Recently there was a fascinating discussion zipping through hyperspace about love triangles in young adult fiction. As a long time believer in complicated relationships of all kinds of fiction, I followed it across social networking sites and couldn't help but smile. The first time I read my rough drafts of "The Areane Journals" to my friends and family, I was physically threatened (being chased around the kitchen by a sister with scissors leaps to mind) many times because of the twisted relationships and tragedies I grind my characters through. I think every author is a bit of a sadist, making characters people can love/become intrigued with then laughing to ourselves as we drag them through every trauma imaginable. And as we know, nothing causes trauma and drama more than love. As Sarah Rees Brennan (who has an amazing blog, btw) "I do not believe in happily ever afters. The most I go for is 'happy for now, maybe, what's that ominous sound?"
Love means you're emotionally invested to the extreme. Whether romantic love, familial love or (my personal favorite) chocolate love, you are always bound for some kind of trouble. And as reality TV and the nightly news will prove, people love their trouble and drama. No one writes novels about simple happy times. Short stories and poems, maybe, but not books. That's why they *end* with "And they lived happily ever after.' (Though, personally I don't believe it and would be very bored if my life ever included that phrase. It kind of implies that nothing changed for the rest of their lives. How dull.) If there's not a twist, some love triangle (or pentagon. Or hexagon), unrequited love, personal trauma, betrayal or good old fashioned torture involved it doesn't tend to hold my interest. (In books, of course... I don't want to be tortured in real life.

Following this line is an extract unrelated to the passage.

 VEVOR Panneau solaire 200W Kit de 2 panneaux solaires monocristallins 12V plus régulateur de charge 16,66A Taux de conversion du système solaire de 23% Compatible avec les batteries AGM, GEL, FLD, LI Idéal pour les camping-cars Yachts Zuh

And love triangles may be fun to write, but they're misery to live through.)
Not that I don't think love can last. I absolutely do. I just think there will always be problems. The stronger your characters, the more likely they'll be to disagree with each other at some point, especially after marriage. When the princess marries her prince and then realizes he doesn't flush and flicks his toenails when he clips them and snores and his best friend hates her. And, of course, he realizes that every time she sings woodland creatures traipse through the house and the wicked stepmother keeps stopping by for hand outs and she eats brains (you know, if the princess turned out to be a zombie.) which is a nightmare for PR. Which leads to a rift in society. Which leads to a persecution of ALL zombies, even those who don't eat brains. Which causes mass hysteria and (one of my very favorite bringers of trauma) angry mobs. Let fester for a decade or two. Then it's time for a new story about a young zombie, living in a militant, anti-zombie world on the run because of her love of eating her own!
That's life, my friends. There is no happily ever after. There is no end, really. Only beginnings in new phases of our lives. We upgrade, Launa 2.0, and the problems grow or shift or, in some cases, mutate and we start all over again, hopefully a little stronger, a little more prepared.
It is this transformation that I find so immensely fascinating, especially in young adult fiction. The teen years are one big mass of upgrades and mutations all muddled together in a broth of emotions that aren't found at any other time in a person's life. I find this inspirational. Especially when it's written as it happens in real life: through trial.
So yes, I love the love triangles. (Though... in real life they really, really stink). And I love family drama. (Though again... I could live without it in RL). But I love even more when the story goes beyond those issues. How does the love triangle play out? And once it's resolved, what then?
The writing will never be finished, my friends. I'm getting excited just thinking about it. And if you want, you can come along for the ride with me.